**** Raw data ****
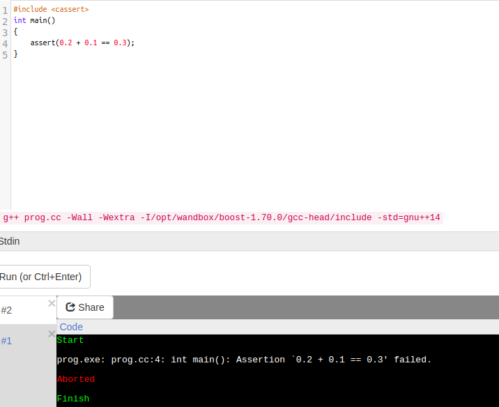 >>60648 Ну не совсем с произвольными, а просто с рациональными. То есть любое деление они представляют в виде большой десятичной дроби. И поэтому сравнивают результаты деления взаимно простых чисел не с помощью знака равно а с помощью больше-меньше погрешности. Ты об этом? Из за этого включается так называемая Floating-point arithmetics, которая даже не может правильно сравнить результат сложения двух десятичных дробей 0.1 + 0.2 == 0.3 // false
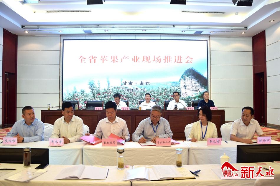 会前,与会人员现场观摩了天水花牛苹果产业园、天水长城果汁10万吨果汁生产线、花牛镇南山万亩花牛苹果基地、麦积区九龙山苹果基地、鑫田果品种植农民专业合作社仓储保鲜库。会上,麦积区、静宁县、宁县、天水勤丰果业有限责任公司、中国农业发展银行甘肃省分行负责人围绕促进苹果产业发展作了交流发言。中国农业发展银行甘肃省分行与苹果主产区政府进行了签约。
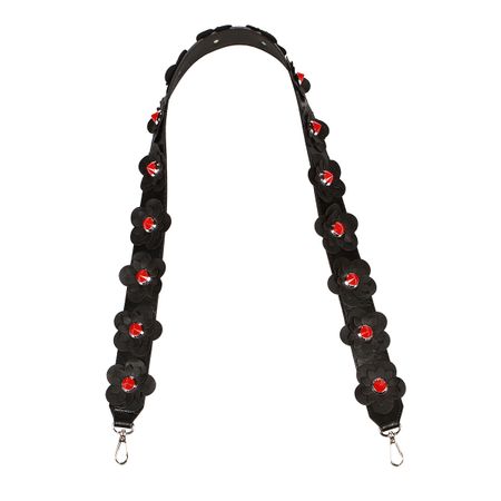 Черная ручка для сумки из искусственной кожи длиной 105см и шириной 5.5см в романтическом стиле — один из набирающий силу трендов. Отлично дополняет круглые сумки и клатчи, придавая оригинальности образу. Может как сочетаться с цветом сумки, так и радикально отличаться от него. Необычный длинный ремень — один из наиболее действенных способов подогнать аксессуар под себя, разнообразить сочетание универсальных деталей. Декорирована крупными цветами из искусственной кожи, завершающимися конусовидными клепками серебристого цвета.
****
**What the task requires:** Each line of the material needs to be given again exactly, without any of its pictures.

**Exercise result:**
 >>60648 Ну не совсем с произвольными, а просто с рациональными. То есть любое деление они представляют в виде большой десятичной дроби. И поэтому сравнивают результаты деления взаимно простых чисел не с помощью знака равно а с помощью больше-меньше погрешности. Ты об этом? Из за этого включается так называемая Floating-point arithmetics, которая даже не может правильно сравнить результат сложения двух десятичных дробей 0.1 + 0.2 == 0.3 // false
 会前,与会人员现场观摩了天水花牛苹果产业园、天水长城果汁10万吨果汁生产线、花牛镇南山万亩花牛苹果基地、麦积区九龙山苹果基地、鑫田果品种植农民专业合作社仓储保鲜库。会上,麦积区、静宁县、宁县、天水勤丰果业有限责任公司、中国农业发展银行甘肃省分行负责人围绕促进苹果产业发展作了交流发言。中国农业发展银行甘肃省分行与苹果主产区政府进行了签约。
 Черная ручка для сумки из искусственной кожи длиной 105см и шириной 5.5см в романтическом стиле — один из набирающий силу трендов. Отлично дополняет круглые сумки и клатчи, придавая оригинальности образу. Может как сочетаться с цветом сумки, так и радикально отличаться от него. Необычный длинный ремень — один из наиболее действенных способов подогнать аксессуар под себя, разнообразить сочетание универсальных деталей. Декорирована крупными цветами из искусственной кожи, завершающимися конусовидными клепками серебристого цвета.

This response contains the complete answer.